## Supplied information:
Segment Open

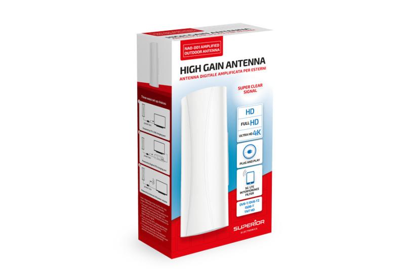 This antenna has been designed for the reception of analogue and digital terrestrial TV signals.
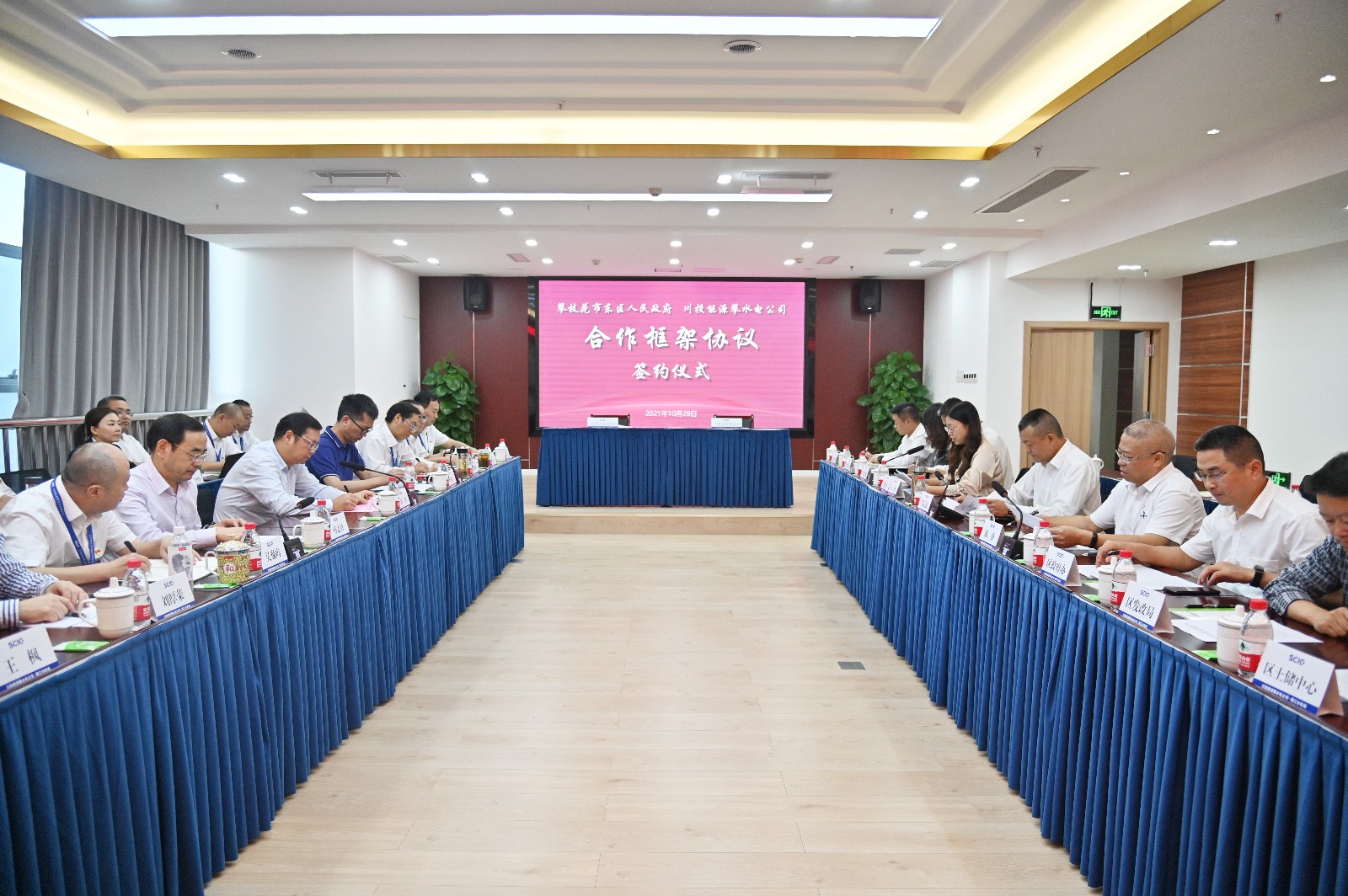 攀枝花市東區(qū)區(qū)級(jí)相關(guān)部門、銀江鎮(zhèn)主要負(fù)責(zé)人,川投集團(tuán)經(jīng)營(yíng)管理部劉厚榮、王楓,攀水電公司領(lǐng)導(dǎo)班子、各部門負(fù)責(zé)人參加簽約儀式。
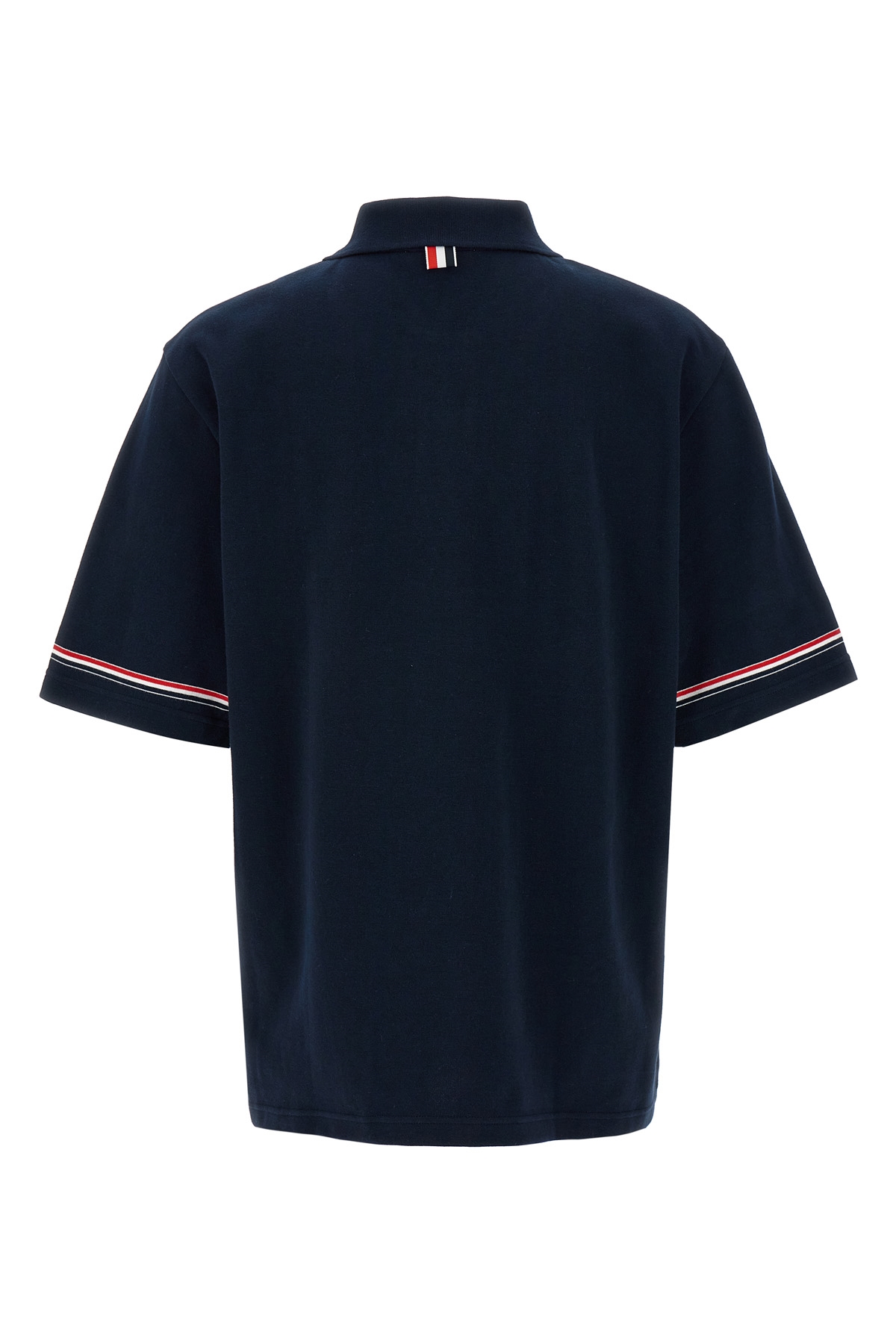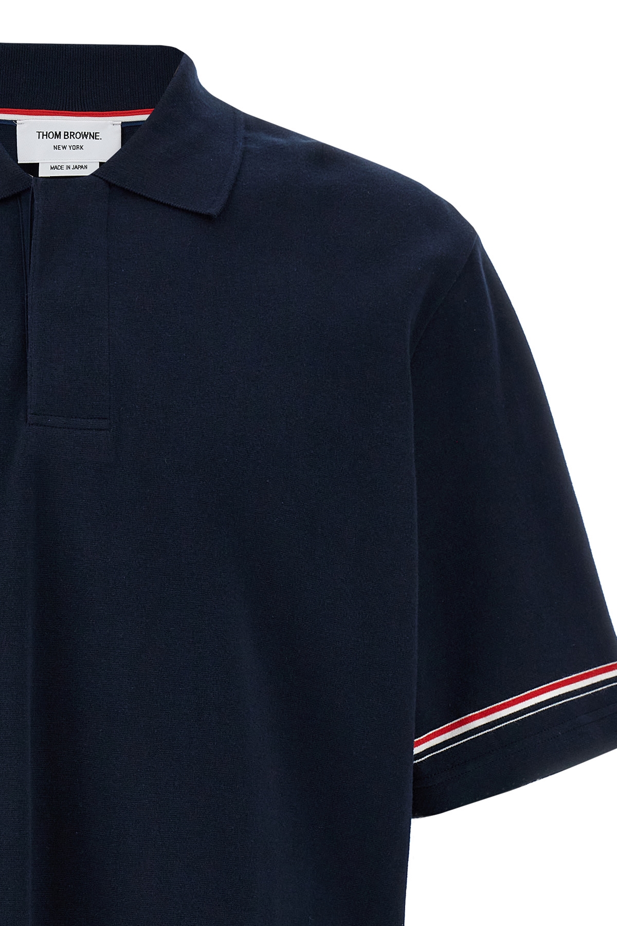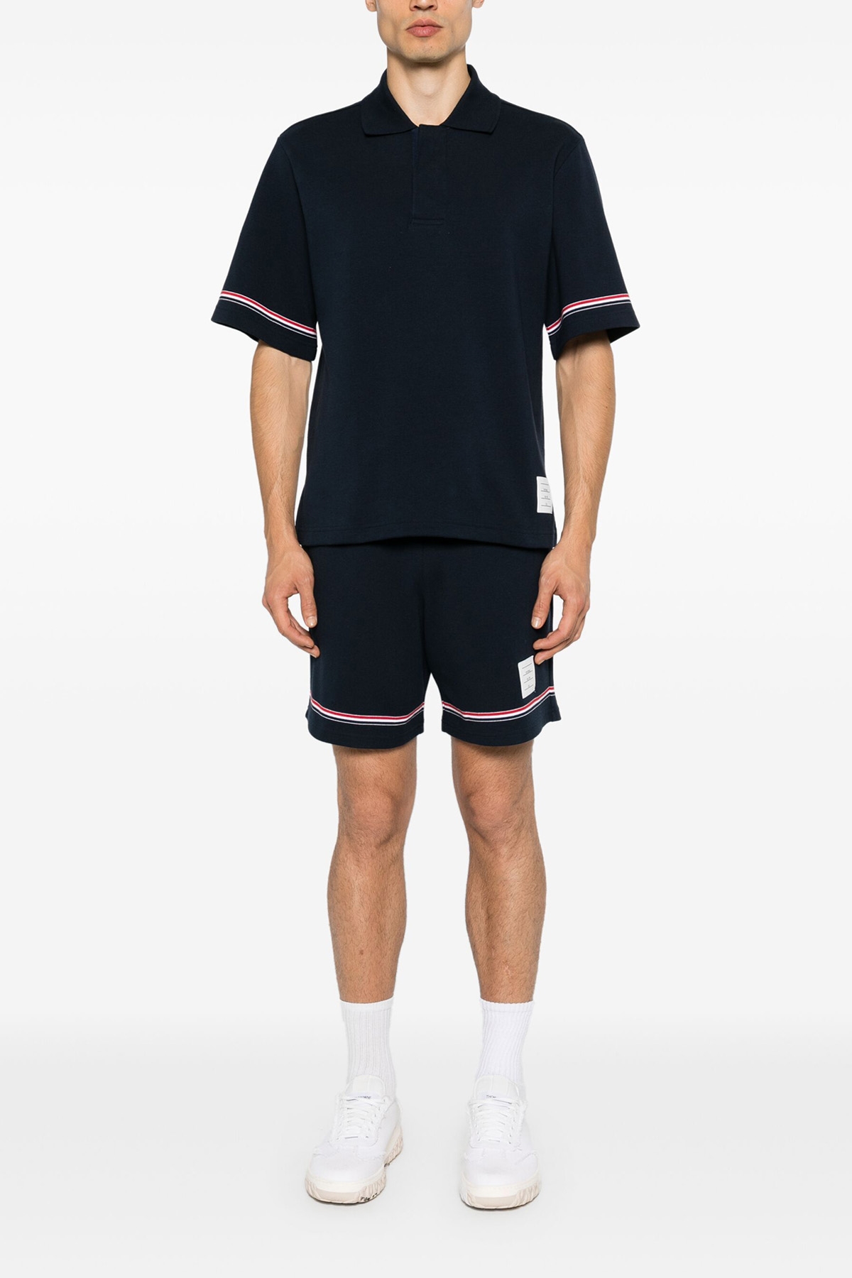 'Rugby' cotton polo shirt with rwb detail on the sleeve, front logo patch, collar and buttons, short sleeves, side slits with grosgrain rwb ribbon.

Segment Closed

## Task statement:
Could you return the whole listing exactly, with every picture removed?

## Solution to the exercise:
 This antenna has been designed for the reception of analogue and digital terrestrial TV signals.
 攀枝花市東區(qū)區(qū)級(jí)相關(guān)部門、銀江鎮(zhèn)主要負(fù)責(zé)人,川投集團(tuán)經(jīng)營(yíng)管理部劉厚榮、王楓,攀水電公司領(lǐng)導(dǎo)班子、各部門負(fù)責(zé)人參加簽約儀式。
 'Rugby' cotton polo shirt with rwb detail on the sleeve, front logo patch, collar and buttons, short sleeves, side slits with grosgrain rwb ribbon.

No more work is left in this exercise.